• Bernadette Bowen

Response to Ong "On 'Media' vs. Human Communication"

Updated: Apr 6, 2020

The following is a discussion board post I made for a Media Ecology course in response to this prompt:

According to Ong, "In real human communication, the sender has to be not only in the sender position but also in the receiver position before he or she can send anything" (p. 173). In a succinct paragraph or two: 

  • What does he mean by this?

  • What might this say about the frequent state of online communication?

  • e.g. about they often toxic nature of online (particularly anonymized) discourse

Before directly answering both of these questions rather simply regarding what I believe Ong meant by this quote, I believe it's especially important to contextualize it's origin. If you're not into that, skip ahead.


To begin, Ong made it a point to mention that due to the "technologizing of the word" (pg. 172) humans are inclined to view our own minds as containers where we keep the information that we've learned throughout our lives. As Ong himself purported, his "mind is a box" (pg. 172). After reading his flippant statement, I drew a little smiley face next to it because, while paradoxically acknowledging it's absurdity, this analogy resonated with my own occasional feelings of burn out from the perpetual condition of grad school.

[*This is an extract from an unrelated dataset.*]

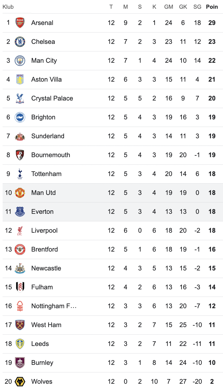 Jumlah poin sama dengan Everton, yang kini berada di tangga 11.

Furthermore, if put into conversation with readings from our Introduction to Media & Communication course (Peters [1999] Speaking Into the Air), and our previous text this semester, Leder's (1990) The Absent Body, the read makes sense: a cybernetically linear perspective, ripe with a Cartesian mind/body split, is a common linguistic fore-bringer of those who attempt to obtain the traditionally idolized myth of perfect communication. For example, if someone didn't understand the meaning of any of the academic words used in my previous sentence, it could easily be chalked up as nonsense because writing is capable of "introducing division and alienation, but a higher unity as well" (Ong, pg. 175). As we read, Leder discussed how this strain of scientific thought led to multiplicitous changes in our human (Heideggerian) sense of Being-in-the-World.

On the bright side, since these authors did synthesize "How" we came to consider ourselves (if one subscribes to the belief that their brain is their self? which we can presume they do) as containers in a world (where we have all accepted the paradigm that we are in the world rather than of it), we are now better prepared to undergird the crucial question as to "Why?". Asked more directly in relation:

"Why do we accept the phrasing of a question which refers to humans as "senders" and "receivers," as if we are all human-like machines in the world?"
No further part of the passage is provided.